About this exercise
Every line in the data below from the one containing "Solid armchair with" down to the one containing "Turquoise is Native", both included, must be retyped exactly; no other line is to appear.

--- Records to use ---

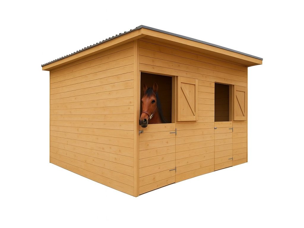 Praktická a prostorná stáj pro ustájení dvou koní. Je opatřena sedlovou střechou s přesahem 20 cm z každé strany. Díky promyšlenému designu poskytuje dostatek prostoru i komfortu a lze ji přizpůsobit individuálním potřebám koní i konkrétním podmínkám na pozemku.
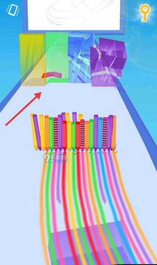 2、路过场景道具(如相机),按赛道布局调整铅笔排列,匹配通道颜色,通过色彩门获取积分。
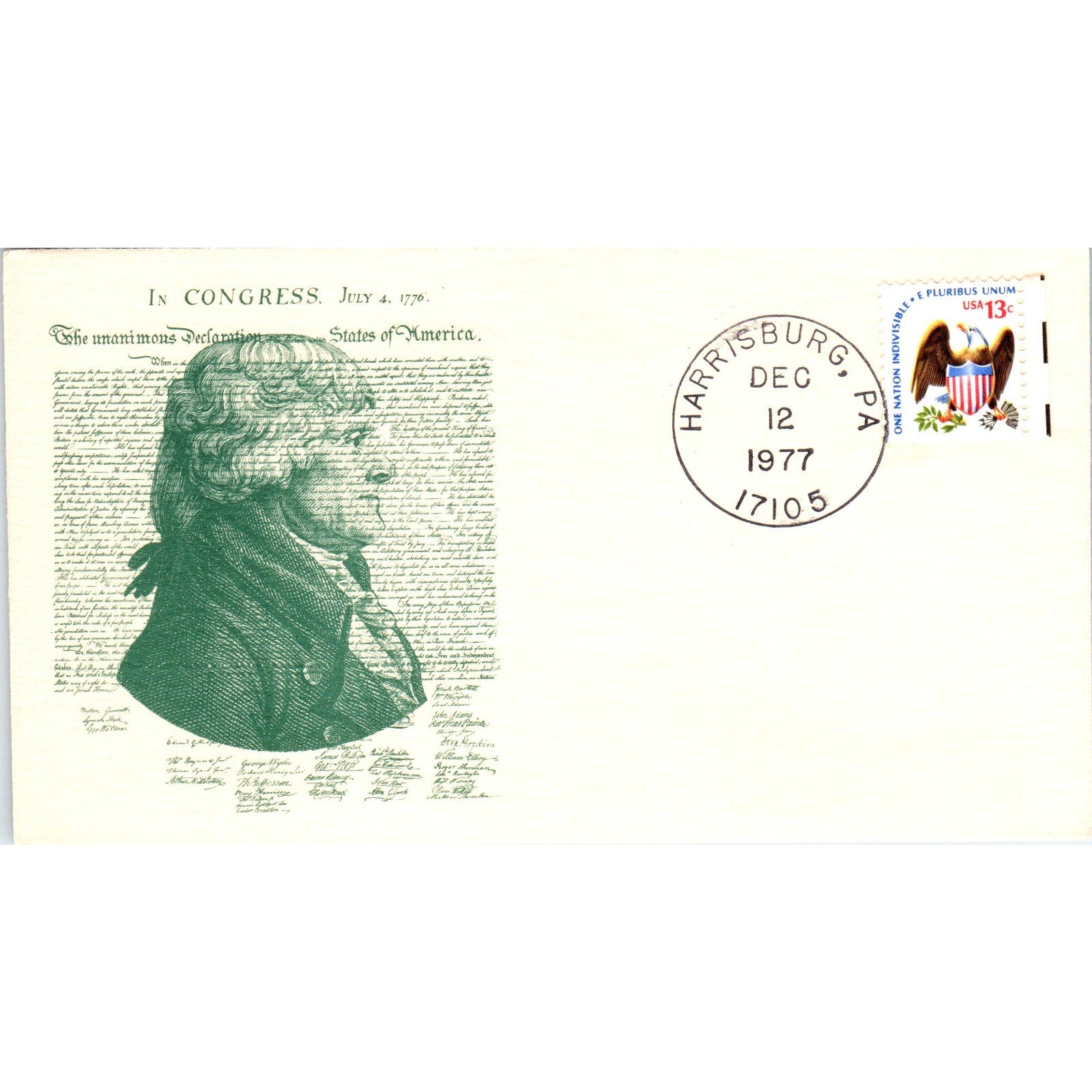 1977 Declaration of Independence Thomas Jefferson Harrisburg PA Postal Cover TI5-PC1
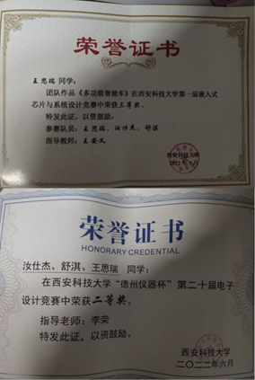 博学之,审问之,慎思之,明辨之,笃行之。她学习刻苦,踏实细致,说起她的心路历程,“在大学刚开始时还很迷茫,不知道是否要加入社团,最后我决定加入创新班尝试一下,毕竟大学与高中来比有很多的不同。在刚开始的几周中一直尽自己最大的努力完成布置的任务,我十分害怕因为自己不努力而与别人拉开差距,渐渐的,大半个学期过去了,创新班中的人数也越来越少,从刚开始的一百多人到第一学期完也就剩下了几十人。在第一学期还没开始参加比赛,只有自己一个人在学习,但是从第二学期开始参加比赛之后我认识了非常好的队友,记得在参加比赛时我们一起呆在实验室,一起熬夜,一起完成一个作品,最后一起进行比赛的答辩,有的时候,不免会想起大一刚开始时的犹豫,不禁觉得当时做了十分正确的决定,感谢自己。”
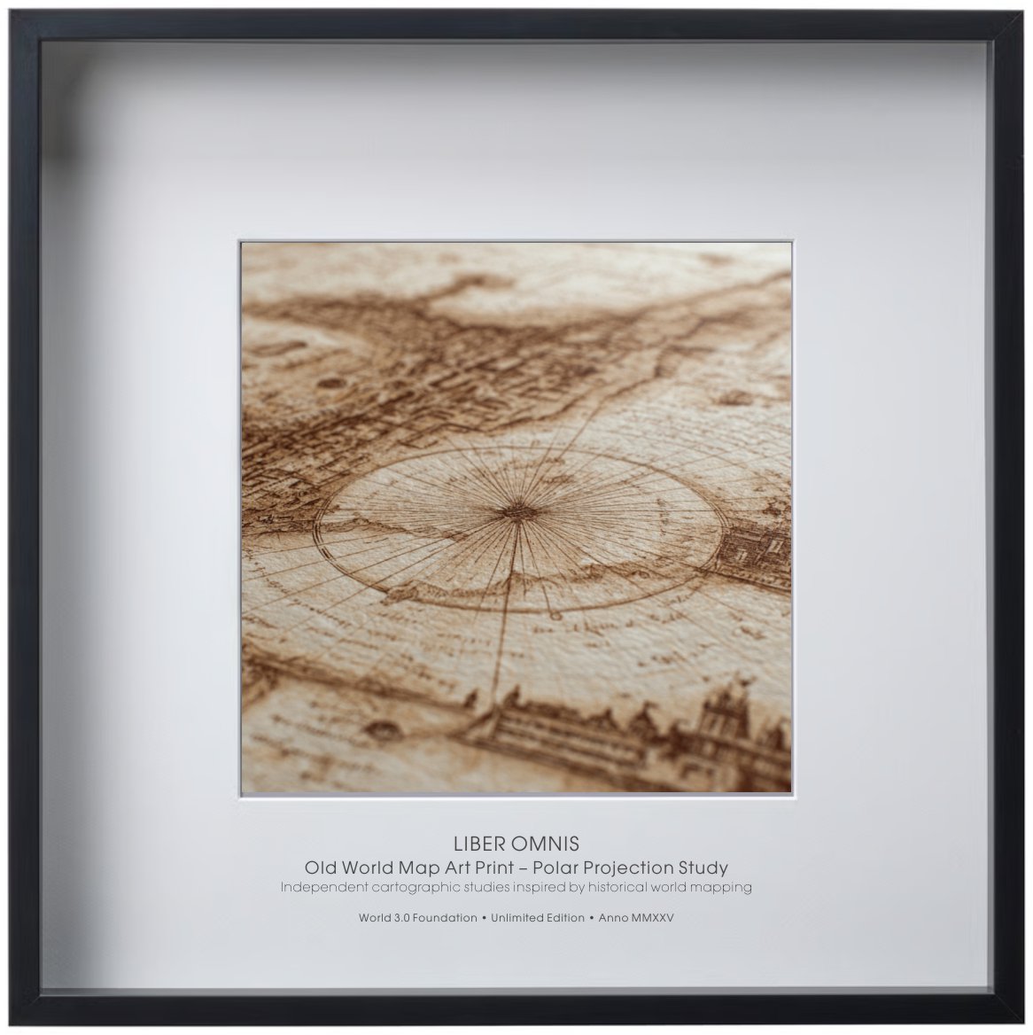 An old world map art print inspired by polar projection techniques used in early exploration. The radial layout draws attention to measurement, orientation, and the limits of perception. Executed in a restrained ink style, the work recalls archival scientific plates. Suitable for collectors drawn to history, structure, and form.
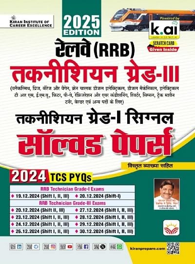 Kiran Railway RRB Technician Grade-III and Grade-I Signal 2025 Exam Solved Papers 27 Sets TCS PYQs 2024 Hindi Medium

---
--- Records to use ---

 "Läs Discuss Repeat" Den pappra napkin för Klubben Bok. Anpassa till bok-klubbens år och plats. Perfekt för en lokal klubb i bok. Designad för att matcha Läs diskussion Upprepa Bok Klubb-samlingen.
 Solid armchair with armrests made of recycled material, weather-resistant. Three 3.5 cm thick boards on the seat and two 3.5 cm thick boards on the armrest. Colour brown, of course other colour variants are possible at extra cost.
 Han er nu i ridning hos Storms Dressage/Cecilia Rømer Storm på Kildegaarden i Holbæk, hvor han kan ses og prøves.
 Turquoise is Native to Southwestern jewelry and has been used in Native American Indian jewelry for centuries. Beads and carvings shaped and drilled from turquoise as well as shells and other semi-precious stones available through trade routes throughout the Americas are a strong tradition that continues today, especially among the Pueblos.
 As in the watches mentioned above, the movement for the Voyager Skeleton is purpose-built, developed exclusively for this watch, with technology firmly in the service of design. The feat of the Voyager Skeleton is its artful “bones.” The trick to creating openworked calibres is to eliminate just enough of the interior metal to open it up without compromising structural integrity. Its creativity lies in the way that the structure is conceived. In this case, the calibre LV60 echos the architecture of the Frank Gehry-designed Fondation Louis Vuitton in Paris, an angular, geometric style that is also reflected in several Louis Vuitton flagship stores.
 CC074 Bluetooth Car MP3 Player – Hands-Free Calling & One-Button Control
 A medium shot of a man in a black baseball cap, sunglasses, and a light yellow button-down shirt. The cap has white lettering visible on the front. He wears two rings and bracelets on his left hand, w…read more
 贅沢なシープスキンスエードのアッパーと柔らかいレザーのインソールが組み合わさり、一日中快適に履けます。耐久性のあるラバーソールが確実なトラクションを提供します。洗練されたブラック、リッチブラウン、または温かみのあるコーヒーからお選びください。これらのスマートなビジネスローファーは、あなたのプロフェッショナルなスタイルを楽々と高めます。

---

Answer space
 Solid armchair with armrests made of recycled material, weather-resistant. Three 3.5 cm thick boards on the seat and two 3.5 cm thick boards on the armrest. Colour brown, of course other colour variants are possible at extra cost.
 Han er nu i ridning hos Storms Dressage/Cecilia Rømer Storm på Kildegaarden i Holbæk, hvor han kan ses og prøves.
 Turquoise is Native to Southwestern jewelry and has been used in Native American Indian jewelry for centuries. Beads and carvings shaped and drilled from turquoise as well as shells and other semi-precious stones available through trade routes throughout the Americas are a strong tradition that continues today, especially among the Pueblos.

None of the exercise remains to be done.